Despite such a back-drop, basic human needs remain at the play's heart.

“It's a love story,” says Smith. “It's about two people living through constant changes, and battling forward in constant motion when everything around them seems to be making things harder.”

In utilising science-fiction tropes, Smith points to novelist Margaret Atwood, author of dystopia-set feminist novel, The Handmaid's Tale. Atwood, incidentally, is also the inventor of various real life technologies that facilitate the remote robotic writing of documents.

“Atwood described some of her work as being set in a parallel present,” says Smith. “They're set in a world and a situation that doesn't exist, but which still look familiar. I think theatre is increasingly having a relationship with science and science-fiction because it's so playful and so political as a metaphor for what's going on now.”

Morna Pearson takes this even further. Her child-friendly tale about a brother and sister who encounter a series of mythological creatures may be more prehistoric than futuristic, but sounds as fantastical as anything else Pearson has written. The production, co-directed by Lung Ha artistic director Maria Oller with Dundee Rep associate artistic director Joe Douglas, also ties in with Lung Ha and Grid Iron's previous science-based collaboration, Huxley's Lab.
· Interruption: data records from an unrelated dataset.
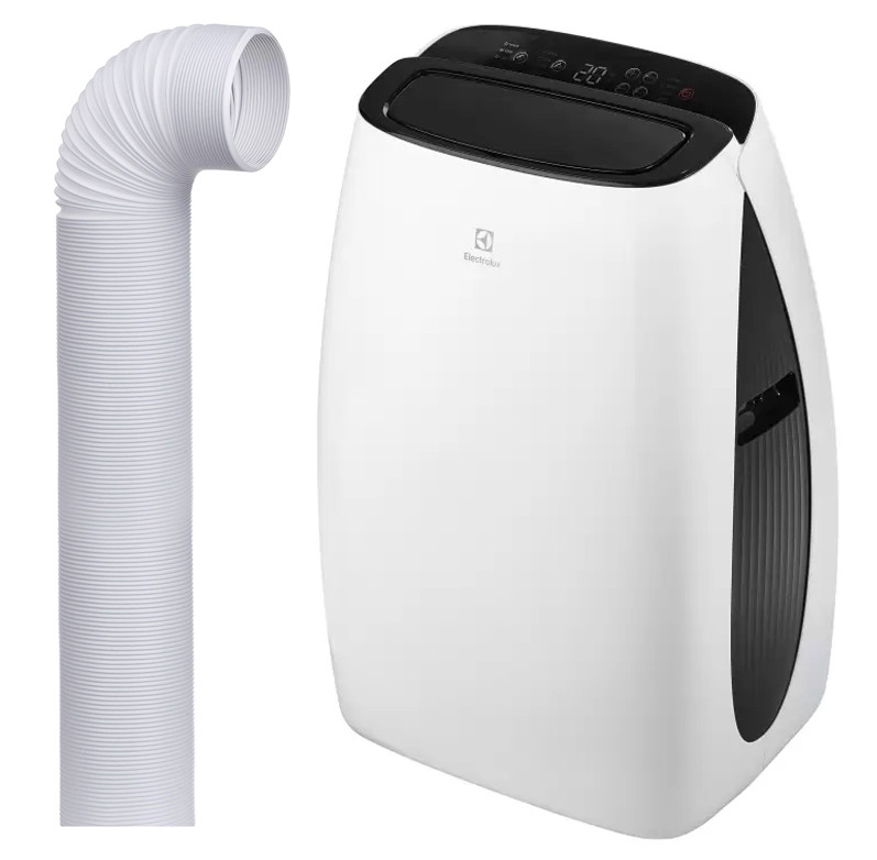 Это напольный кондиционер, который можно легко перемещать между комнатами. Он не требует внутреннего блока и сплит-системы, работает от обычной розетки 220 В и выводит горячий воздух через гофру в форточку или окно. Отличное решение для: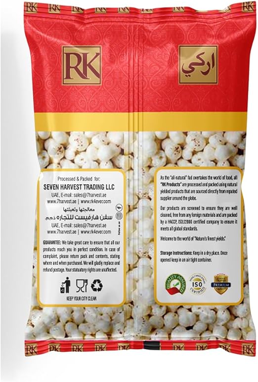 Enjoy a healthy, crunchy snack with RK Phool Makhana, crafted from premium fox nuts known for their natural goodness. Light and airy, this 100g pack offers a guilt-free treat packed with nutrients to keep you energized throughout the day. Perfect for mindful snacking that supports your well-being without compromising on taste.
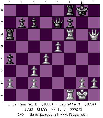 Last move : 1-0 2021 November 4 8:59:20 [Event "FICGS__CHESS__RAPID_C__000273"] [Site "FICGS"] [Date "2021.10.24"] [Round "1"] [White "Cruz Ramirez,Eliecer"] [Black "Leurette,Marc-Antoine"] [Result "1-0"] [WhiteElo "1800"] [BlackElo "1634"] 1.e4 e5 2.f4 d6 3.Nf3 Nc6 4.Nc3 Nf6 5.Bb5 Bd7 6.d3 a6 7.Bxc6 Bxc6 8.fxe5 dxe5 9.Nxe5 Bd7 10.d4 Bb4 11.O-O Bxc3 12.bxc3 O-O 13.Bg5 h6 14.Bxf6 gxf6 15.Nxd7 Qxd7 16.Rxf6 a5 17.Qh5 Ra6 18.Raf1 Qe7 19.e5 a4 20.Qxh6 1-0 King's gambit Kingside Castling by player White (move 11) Kingside Castling by player Black (move 12) Player White won this chess game. Follow this game move after move (download)Chess is a terrible game. If you have no center, your opponent has a freer position. If you do have a center, then you really have something to worry about ! (Siegbert Tarrasch) Schach ist mein Leben, meine Leidenschaft, was ich gelernt habe und seit meinem 14. Lebensjahr profimässig praktiziere. Darauf zu verzichten, würde mir sehr schwer fallen. (Viktor Kortschnoi) El juego de Damas es para vagabundos. (Paul Morphy) D'abord les bases : Jouez et étudiez, puis étudiez et jouez, ensuite jouez et étudiez, puis étudiez et jouez. Deuxièmement : Donnez toujours le meilleur de vous-même ! (Ken Smith) See no evil, hear no evil, speak no evil. (The 3 monkeys)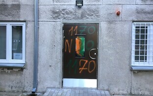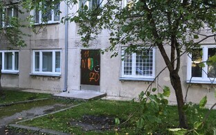 Скандальный пункт обмена шприцев на улице Ситси работает уже 4 месяца. Сейчас обстановка здесь тихая, о противостоянии напоминает лишь граффити на входной двери.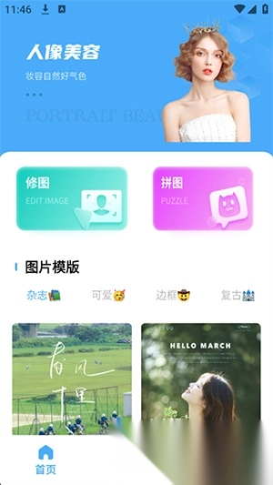 1. 当您进入首页时,能够看到修图与拼图这两项功能,只需点击即可进入使用。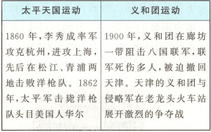 B【解析】根据材料和所学知识可知,太平天国运动中李秀成率军击败洋枪队,击毙洋枪队头目华尔;义和团运动在廊坊一带阻击八国联军,在老龙头火车站与侵略军激战,都沉重打击了外国侵略势力,B项正确;《天朝田亩制度》具有空想色彩,《资政新篇》也未能真正实施,都没有切合当时中国的实际情况,且义和团运动没有提出明确的革命纲领,排除A项;“扶清灭洋”是义和团运动的口号,太平天国运动没有提出这一口号,排除C项;太平天国运动的目的是推翻清朝统治,排除D项。故选B项。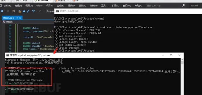 BOOL ret = CreateProcessWithTokenW(hToken, LOGON_NETCREDENTIALS_ONLY, wstrExecutablePath.c_str(), NULL, 0, NULL, NULL, &si, &pi);if (!ret)printf("[-]Create Failed:%d\n", GetLastError());elseprintf("[+]Create success!!");最后可以看到从administrator提到了TrustedInstaller权限。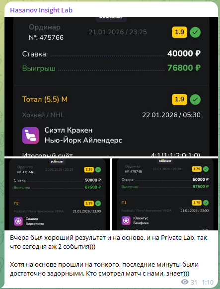 Hasanov Insight Lab в Telegram: методы разбора матчей и результаты прогнозов каппера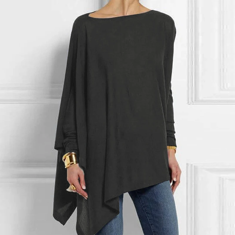 New 4XL 5XL Women Plus Size Tunic Tops Irregular Hem Loose Shirts Casual O Neck Long Sleeve Blouse Shir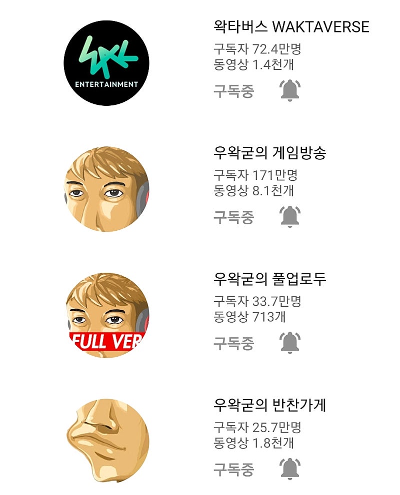 메튜브(2014.11.7~2019.12.19)-왁카데미(2019.12.19~2020.7.5)-풀업로두(2020.7.5~2021.9.13)-왁타버스(2021.9.13~현재)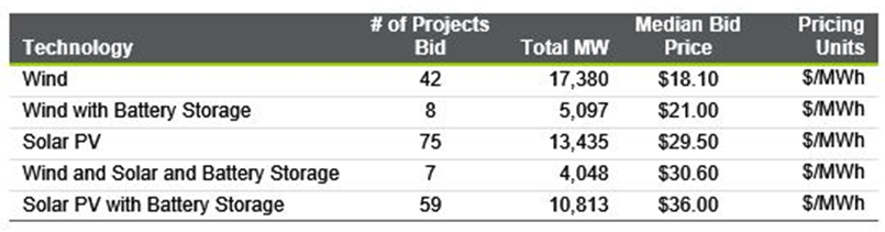 科羅拉多州儲能市場最值得關注的發(fā)展是來自該州最大的電力供應商Xcel Energy公司日前公布的項目,該公司實施了新的太陽能、風能和儲能容量的投標。通過全方位的招標,Xcel公司收到了一些項目的投標報價,這些項目提供了風電、風能+電池儲能、太陽能、太陽能+電池儲能,以及三種資源結合在一個項目中的最低價格。下表顯示了總出價和收到的平均價格。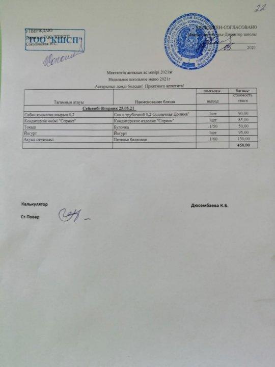 Меню горячего питания в буфете с 24 по 25 мая » №22 орта мектеп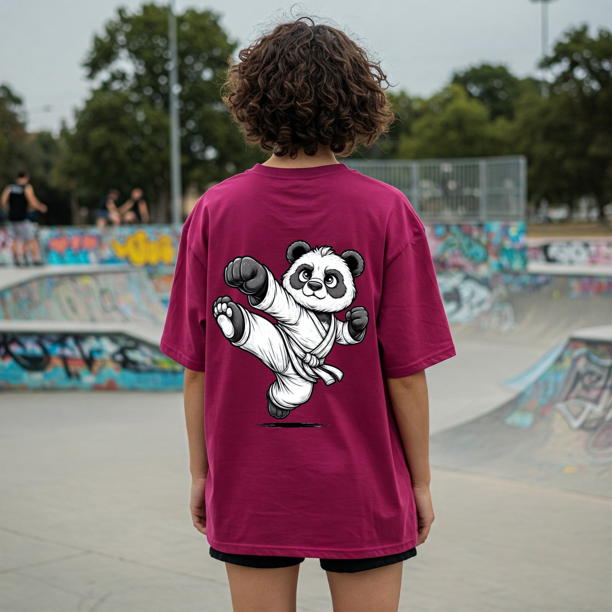 Description: Show off your playful and powerful side with this maroon oversized women's t-shirt from Befaltu. Featuring a cool graphic of a panda practicing karate in a gi, this tee is made from comfortable 180 GSM cotton for a relaxed and stylish fit. Perfect for animal lovers and those who appreciate a fun, unique design.

“When I was trying to brainstorm what I wanted to do,” says Pearson, “I remember how impressed I was with mythical creatures when I was a child, and because Dr Stirlingshire's Discovery is a children's show, I wanted it to be a show where the audience could discover things, not just about the animals, but other things as well. It's a show about sibling rivalry, and difference and acceptance. It's about memory and imagination as well, and how your experience during childhood can shape who you are.”

This again points to speculative fiction used as a metaphor for other things. As Pearson points out, however, “Theatre is metaphor, and people will always read stuff into things even if it's not intended. Although I've said what something is about, someone else might think something different. There are so many TV programmes of a very good quality just now, but they're not necessarily about the things they say they are. They're about people, and the way they present them is just a different way of telling a story.”
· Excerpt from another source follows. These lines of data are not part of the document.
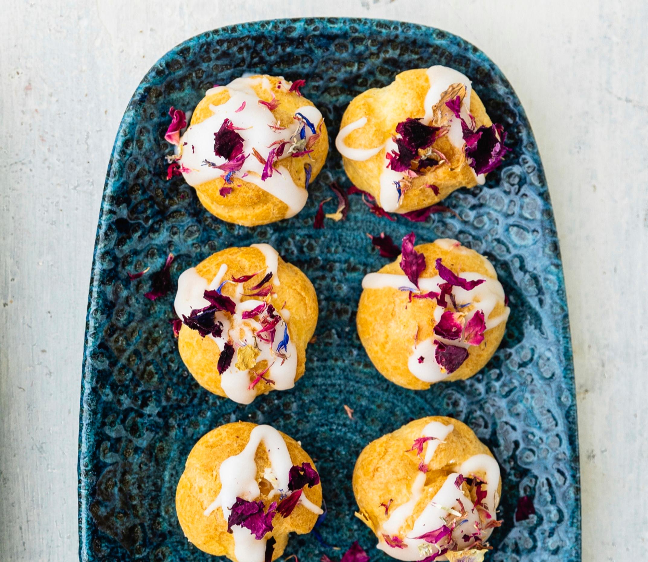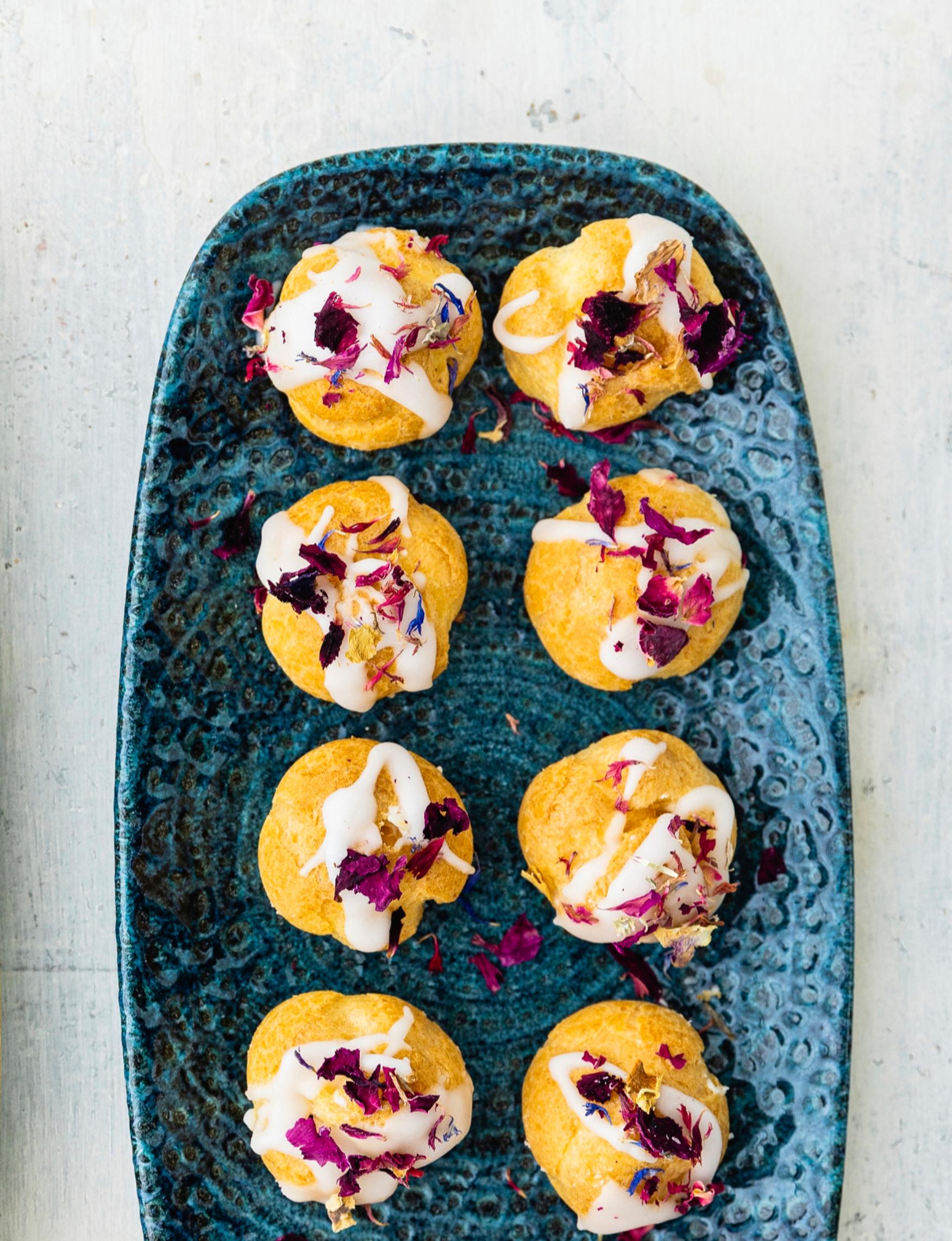 - Valuta kuorrutusta tuulihattujen päälle ja koristele kuivatuilla kukilla. Anna jähmettyä ennen tarjoilua. Säilytä jääkaapissa peitettynä.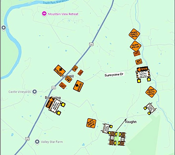 As the map below shows, there will be warning signs to those turning off Route 340 onto Vaughn Summit Road (just south of the recycling center and Springfield Elementary) and Sunnyview Drive (just north of Springfield Elementary). There will also be signage on Vaughn Summit Road near the construction site at the railroad crossing.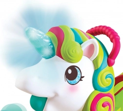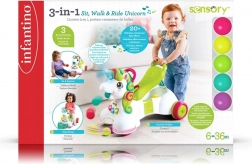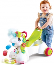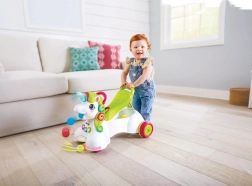 Sedadlo možno ľahko zdvihnúť pre režim chôdze a sklopiť pre jazdu; pod sedadlom aj vpredu je priestor na loptičky. Jednorožec vie zbierať rozhádzané loptičky a vypúšťať ich na podlahu alebo do košíka. Zadné kolesá majú 2 nastavenia rýchlosti pre začiatočníkov aj skúsenejších chodcov. Mäkký roh sa po dotyku rozsvieti, čo deti motivuje k interakcii a objavovaniu.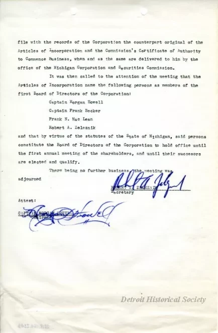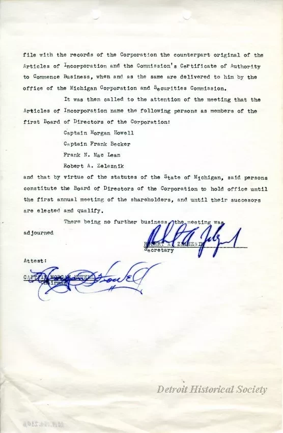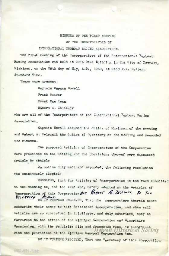 "Minutes of the First Meeting of the Incorporators of the International Tugboat Racing Association." The minutes, dated May 25, 1950, are typewritten in black text on two sheets of white paper and have been signed by the Secretary, Robert A. Zeleznik, and the Chairman, Captain Morgan Howell.

Pearson cites Waking the Dead as a favourite TV show.

“That's a good example of something that's not really about zombies, but is about people,” she says.

As with all of the other theatre shows taking part, it is this over-riding sense of humanity that tallies with the ethos of Edinburgh International Science Festival the most. As Tyndall points out, “We're asking fundamental questions about people's lives. Whether that's a philosophical thing or a pragmatic thing, art and science can ask those questions in different ways. No single discipline can look at these things on there own. If there is going to be more innovation in anything, we need to merge the worlds of art and science more and more.”

Dr Stirlingshire's Discovery, RZSS Edinburgh Zoo, April 1-9; Girl in the Machine, Traverse Theatre, Edinburgh, April 5-22 (previews April 3&4); A Number, Royal Lyceum Theatre, Edinburgh, April 6-15.